Bea regarded him. A moment passed. A dog barked in the neighbourhood. She said, “That’s rather below the belt.”
“Is it?”
“Yes. Pete wasn’t an idea. He was—he is—a person.”
Ray didn’t avoid her gaze or her comment. Bea marked this as the first time he’d actually done neither. “You’re right.” He smiled at her in fond if rueful acknowledgement. “He wasn’t an idea. Can we talk about it, Beatrice?”
“Not now,” she said. “I’ve work. As you know.” She didn’t add what she wanted to add: that the time to talk was fifteen years gone. Nor did she add that he’d chosen his moment with scant consideration for her situation, which was damn well typical of how he’d always been.
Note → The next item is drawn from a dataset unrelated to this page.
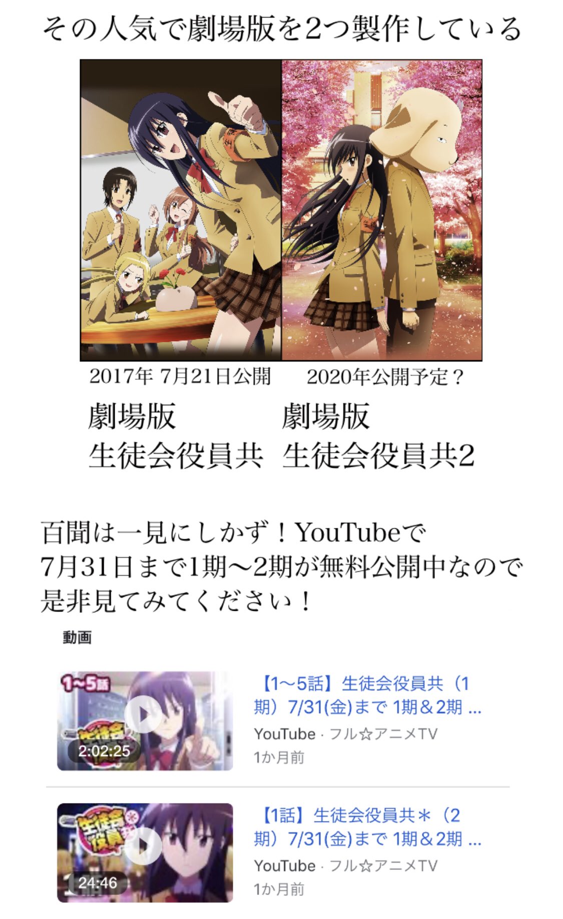 アニメ映画 生徒会役員共のフル動画を無料視聴できる方法まとめ アニカル部 アニメ動画の無料視聴まとめ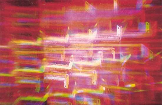 A further aspect of viewing these works was the provision of a pair of Spec-a-Dellics. The specs are polarised light sensitive spectacles with light refractive surfaces which change white light into a bright (colour) spectrum.

She didn’t think what it meant that she let such an opportunity pass, though. Instead, she went into morning mode and got ready for work.
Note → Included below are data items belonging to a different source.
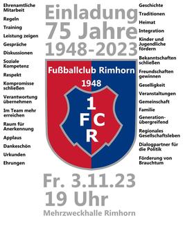 Der 1. FC Rimhorn lädt alle Mitglieder, Freunde und Gönner zu der Jubiläumsfeier am Freitag, den 3. November 2023 um 19 Uhr in die Mehrzweckhalle Rimhorn ein.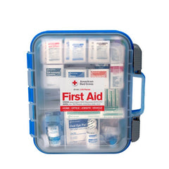 Description First Aid Only 50 Person ANSI A+ Clear Front Plastic First Aid Kit The Red-Cross branded 50-person ANSI A+ First Aid Kit in a plastic case contains 216 essential...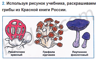 2. Используя рисунок учебника, раскрась грибы из Красной книги России.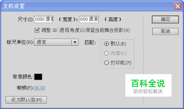 运行Flash CS5软件。新建一个文档,Ctrl+J打开文档设置,在“属性面板”中舞台大小为:1000*600像素,帧频为:30,背景色改为黑色。

Nonetheless, on her drive even Radio Four didn’t divert her enough that she failed to realise Ray had ju
st as good as admitted his inadequacy as a husband at long last. She wasn’t sure what to do with that knowledge, so she was grateful when she walked into the incident room to a ringing phone that she scooped up from its receiver before anyone from the team could do likewise. They were milling round, waiting for their assignments. She was hoping that someone on the end of the phone was going to give her an idea of what to tell them to do next.
It turned out that Duke Clarence Washoe from Chepstow was on hand with the preliminaries about the comparison of hairs she’d provided him. Was she ready for that?
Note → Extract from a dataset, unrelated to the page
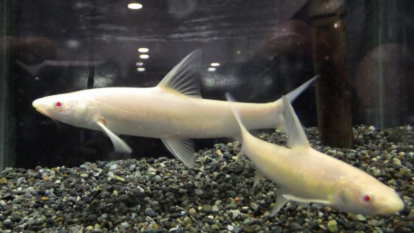 中東原産の超カッコいい大型のコイ、Luciobarbus brachycephalusのアルビノ。以前は高額な大型個体が輸入されたりもしましたが、今では不定期ではありますがたまに今回のようなサイズのブリード個体が輸入され流通していますね。また、情報が少なかった頃はコレイウスという別のコイの名前で流通していたことも・・・。そんなルシオバルブス、スレンダーな体型と精悍な顔つきが超かっこよくいて、しかもアルビノはその体色が神々しく、とても魅力的です!このルシオバルブスという属にはマンガルと呼ばれる L.esocinus など他にも魅力的な魚がいっぱいいますので、今後の輸入に期待したいですね!上段の画像です。

“Regale me,” she told him.
“Microscopically, they’re close,” he said.
“Just close? No match?”
“Can’t do a match with what we have. We’re talking cuticle, cortex, and medulla. This isn’t a DNA thing.”
“I’m aware of that. So what can you say?”
“They’re human. They’re similar. They might be from the same person. Or a member of the same family. But ‘might’ is as far as we go. I’ve got no problem putting myself on record with the microscopic details, mind. But if you want further analysis, it’s going to take time.”
And money, Bea thought. He wasn’t saying that, but both of them knew it.
“Shall I carry on, then?” he was asking her.
“Depends on the chock stone. What d’you have on that?”
“One cut. It went straight through without hesitation. No multiple efforts involved. No identifying striations, either. You’re looking for a machine, not a hand tool. And its blade is quite new.”
“Certain about that?” A machine for cutting cable narrowed the field considerably. She felt a mild stirring of excitement.
“You want chapter and verse?”
“Chapter will do.”
“Aside from possibly leaving striations, a hand tool’s going to depress both the upper and the lower parts of the cable, crimping them together. A machine’s going to make a cleaner cut. Resulting ends’ll be shiny as well.” He was, he said, expressing this unscientifically to her. Did she want the proper lingo?
Bea nodded a good morning to Sergeant Havers as she came into the room. Bea looked for Lynley to walk in behind her, but he didn’t appear. She frowned.